Eventually apps will hopefully move to using the desktop portal, which will alleviate issues like this. Until then there are two ways you can work towards fixing the issue:

First, you could ensure your symlinks point to locations that are permitted via the home or removable-media interfaces. Alternatively you could replace your symlinks with bind mounts which won’t fall foul of the confinement rules.

Hi Daniel, thank you for your reply. The App is Pixelorama.
But the problem is that I have more than one symlink and I have three disks and I have different mount points. I use some disks and partitions as backup too.
As you can see, making a bind mount for each case is not a practical solution. I use symlinks a lot because they are more suitable for the purpose.
The problem is that sometimes I need to open a backup to check or to try again. And the directory have a lot of images to choose (and categories) so it is not good to bind mount each.
I have too a directory with Assets that I need to open constantly to check what is more suitable for some project. So anyway it is not practical do a bind for each of that directories for only one or two applications.
And I work with a friend on another computer that sometimes need to transfer files to, then I have a complete mount point shared across the network too.

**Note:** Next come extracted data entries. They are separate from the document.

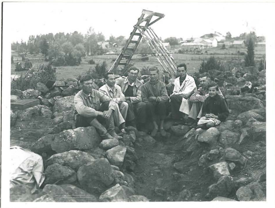
13. Savemäki. Kaivajat pyöreän röykkiön "ruumishautakuopan" reunalla. 33511
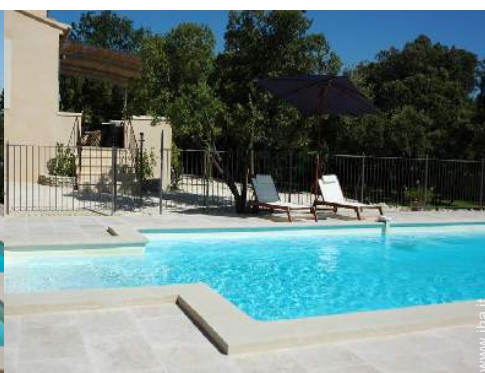
piscina per bambini
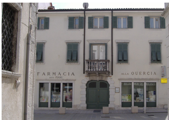
Farmacia Alla Quercia Via Ciotti, 26 Gradisca d'Isonzo (GO)
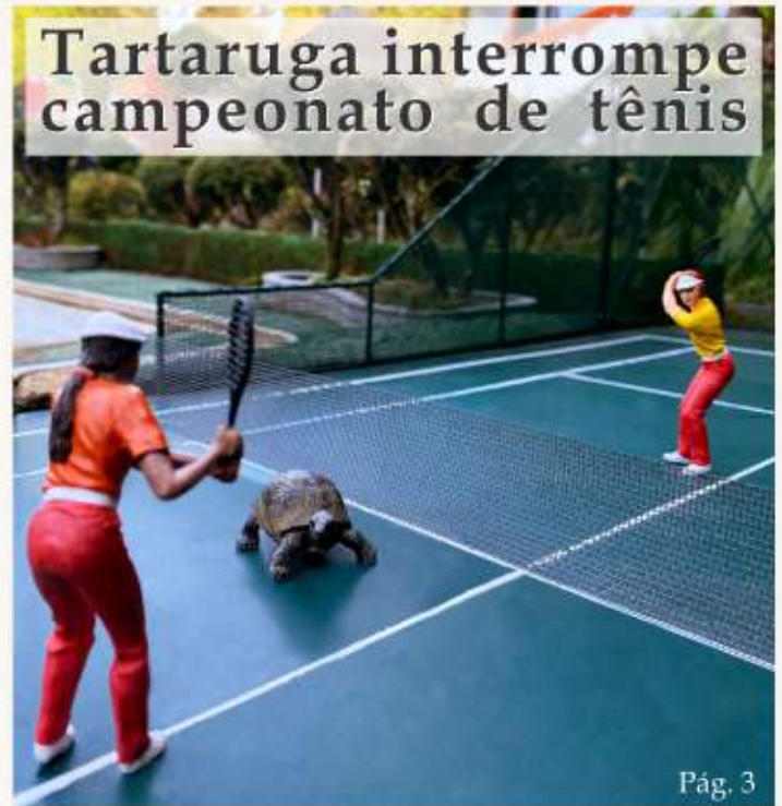
Tartaruga interrompe campeonato de tênis

I really don’t understand for what is suitable Snap if it does not give access to the full directory structure. Because I have a way to work and I don’t want to change it completely only to suit a requirement of one or two apps.
I always work as I mentioned above and all apps on my system can access that files without trouble because I set the permissions with the system itself. I don’t need extra protection with more permissions limit.

Sorry guys but I really don’t understand the purpose of Snap. It is heavy (occupy lot of disk space): it already do a lot of bind mounts (I don’t know if that consume system resources, but it is clear that it uses disk space); and if that wasn’t enought it add more permission limits too. So, really, I don’t understand for what is Snap useful. I have near no one app for Snap because all of that.
Sorry guys but really, I tried a lot to make Snap useful for me but I always end uninstalling the app and installing it manually on the system.

The only good part of Snap is that I quickly can found updated apps to test.